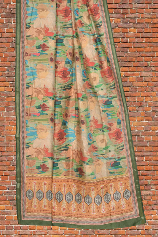 Multi Colour Crush Semi Dola Floral Art Printed Border Saree
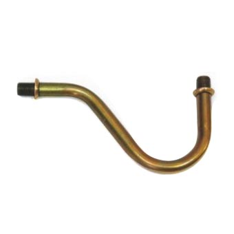 Clásico brazo de latón, curvado, en forma de garfio. Ideal para fabricar o restaurar lámparas y apliques. Hueco en su interior para el paso de cable eléctrico. Con rosca en los extremos de paso 10/100 (tipo universal para lámparas). En sus dos extremos incluye arandelas embellecedoras de latón para hacer de tope.
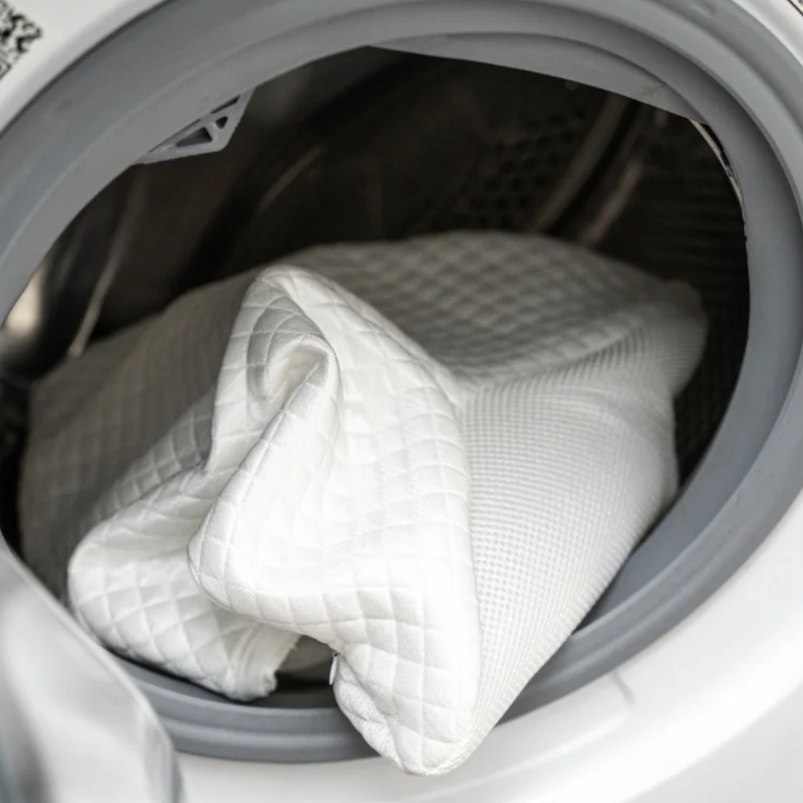 Poduszka posiada zdejmowaną poszewkę, którą można prać w pralce. Wystarczy zdjąć poszewkę i wyprać ją w zimnej wodzie na delikatnym cyklu, a następnie wysuszyć w suszarce w niskiej temperaturze.
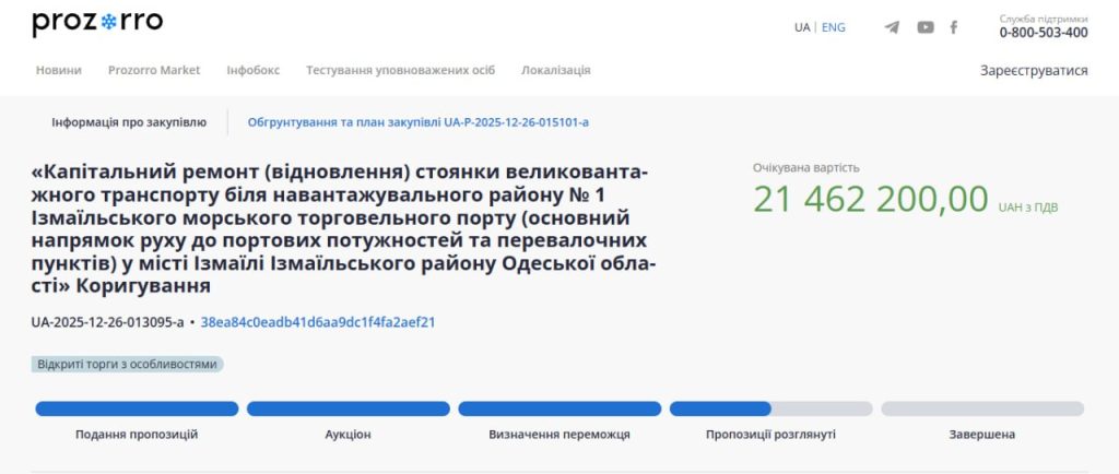 Переможцем тендера на капітальний ремонт стоянки для великовантажного транспорту в Ізмаїльському морському торговельному порту стала компанія «Євродор». Підряд на суму 20,97 млн гривень фірма отримала без конкуренції.
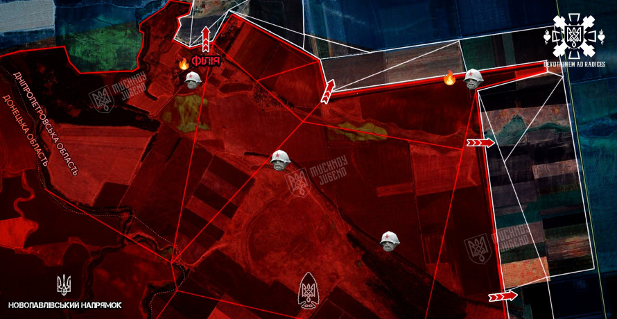 На Новопавлівському напрямку противник поступово розширює зону контролю, особливо на схід і південний схід від населеного пункту Філія. На карті формується смуга так званих «сірих зон» — ділянок, де лінія фронту змінюється майже щогодини. Саме тут відбуваються найактивніші бойові зіткнення.
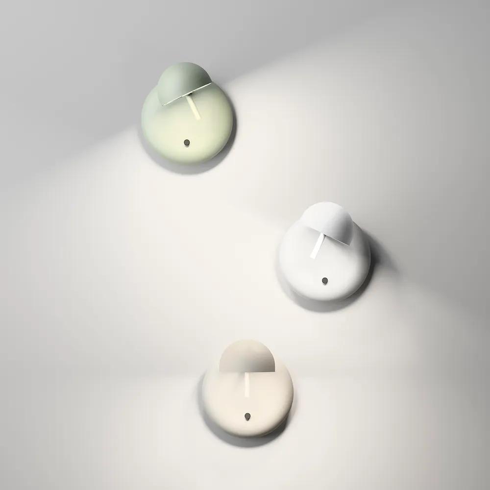 Vibia ofrece múltiples opciones de apliques de esta colección, en total siete. Todos ellos utilizan como fuente de luz el LED y usuario puede escoger entre cuatro acabados: negro, blanco, crema y verde.
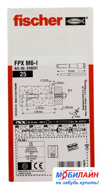 400 в упаковке, 220 x 10 мм, пластик, применение: бетон/полнотелый кирпич/пустотелый кирпич
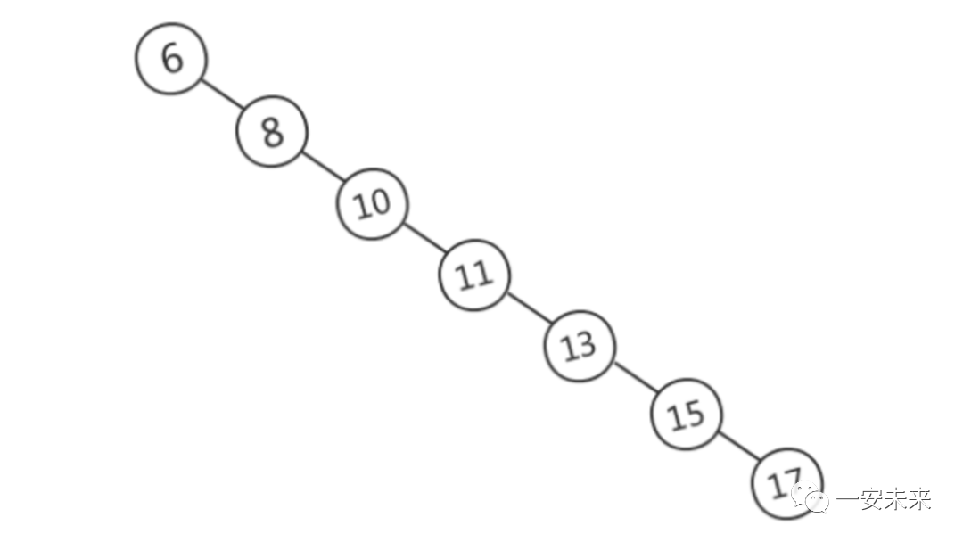 当需要快速查找时,将数据存储在 BST 是一种常见的选择,因为此时查询时间取决于树高,平均时间复杂度是O(lgn)。然而,BST 可能长歪而变得不平衡,如下图所示,此时 BST 退化为链表,时间复杂度退化为O(n)。
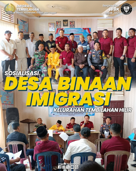 Bekerjasama dengan Kelurahan Tembilahan Hilir, dan dengan turut melibatkan unsur Babinsa dan Bhabinkamtibnas, Imigrasi Tembilahan mensosialisasikan tentang program desa binaan imigrasi serta pentingnya sinergi imigrasi dan peran pemerintah desa dan jajaran dalam melaksanakan tugas dan fungsi pengawasan, deteksi dini, dan pencegahan.
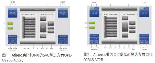 用于OLT產(chǎn)品的OPL-08865-AC2B(圖2)與OPL-08850-AC2B類似,同樣采用65nm CMOS制程、支持工業(yè)級應(yīng)用,和集成高性能32位MIPS24Kec內(nèi)核。此外,產(chǎn)品還兼容雙PON MAC(IEEE 802.3ah和 IEEE 802.3av標(biāo)準(zhǔn)),支持10G鏈路的FEC(Forward Error Correction)、可配置三重攪動及AES加密、基于硬件的動態(tài)帶寬分配(DBA)、彈性數(shù)據(jù)包分類算法等。
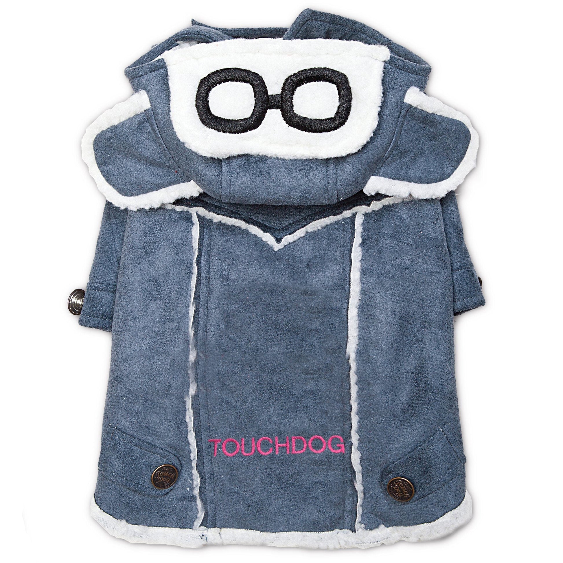 The Touchdog 'Tuskegee' Aero-Vintage Designer Fashion Winter Dog Coat is inspired by the official World War II aviation uniforms worn during U.S. combat. This Dog Jacket features a soft seude-like Exterior Shell with Sherpa Inner-linning that is reversed onto the back stitching. Detailed with a designer hood with etch-embroidered vintage aviation glasses and earmuffs, and engraved buttoned trims with a cross-jaw strap for added warmth. Available in Multiple Sizes and Colors.

**ASSIGNED TASK:** Only the pictures are to be left out; all other material is to be output exactly.

**TASK OUTPUT:**
 Multi Colour Crush Semi Dola Floral Art Printed Border Saree
 Clásico brazo de latón, curvado, en forma de garfio. Ideal para fabricar o restaurar lámparas y apliques. Hueco en su interior para el paso de cable eléctrico. Con rosca en los extremos de paso 10/100 (tipo universal para lámparas). En sus dos extremos incluye arandelas embellecedoras de latón para hacer de tope.
 Poduszka posiada zdejmowaną poszewkę, którą można prać w pralce. Wystarczy zdjąć poszewkę i wyprać ją w zimnej wodzie na delikatnym cyklu, a następnie wysuszyć w suszarce w niskiej temperaturze.
 Переможцем тендера на капітальний ремонт стоянки для великовантажного транспорту в Ізмаїльському морському торговельному порту стала компанія «Євродор». Підряд на суму 20,97 млн гривень фірма отримала без конкуренції.
 На Новопавлівському напрямку противник поступово розширює зону контролю, особливо на схід і південний схід від населеного пункту Філія. На карті формується смуга так званих «сірих зон» — ділянок, де лінія фронту змінюється майже щогодини. Саме тут відбуваються найактивніші бойові зіткнення.
 Vibia ofrece múltiples opciones de apliques de esta colección, en total siete. Todos ellos utilizan como fuente de luz el LED y usuario puede escoger entre cuatro acabados: negro, blanco, crema y verde.
 400 в упаковке, 220 x 10 мм, пластик, применение: бетон/полнотелый кирпич/пустотелый кирпич
 当需要快速查找时,将数据存储在 BST 是一种常见的选择,因为此时查询时间取决于树高,平均时间复杂度是O(lgn)。然而,BST 可能长歪而变得不平衡,如下图所示,此时 BST 退化为链表,时间复杂度退化为O(n)。
 Bekerjasama dengan Kelurahan Tembilahan Hilir, dan dengan turut melibatkan unsur Babinsa dan Bhabinkamtibnas, Imigrasi Tembilahan mensosialisasikan tentang program desa binaan imigrasi serta pentingnya sinergi imigrasi dan peran pemerintah desa dan jajaran dalam melaksanakan tugas dan fungsi pengawasan, deteksi dini, dan pencegahan.
 用于OLT產(chǎn)品的OPL-08865-AC2B(圖2)與OPL-08850-AC2B類似,同樣采用65nm CMOS制程、支持工業(yè)級應(yīng)用,和集成高性能32位MIPS24Kec內(nèi)核。此外,產(chǎn)品還兼容雙PON MAC(IEEE 802.3ah和 IEEE 802.3av標(biāo)準(zhǔn)),支持10G鏈路的FEC(Forward Error Correction)、可配置三重攪動及AES加密、基于硬件的動態(tài)帶寬分配(DBA)、彈性數(shù)據(jù)包分類算法等。
 The Touchdog 'Tuskegee' Aero-Vintage Designer Fashion Winter Dog Coat is inspired by the official World War II aviation uniforms worn during U.S. combat. This Dog Jacket features a soft seude-like Exterior Shell with Sherpa Inner-linning that is reversed onto the back stitching. Detailed with a designer hood with etch-embroidered vintage aviation glasses and earmuffs, and engraved buttoned trims with a cross-jaw strap for added warmth. Available in Multiple Sizes and Colors.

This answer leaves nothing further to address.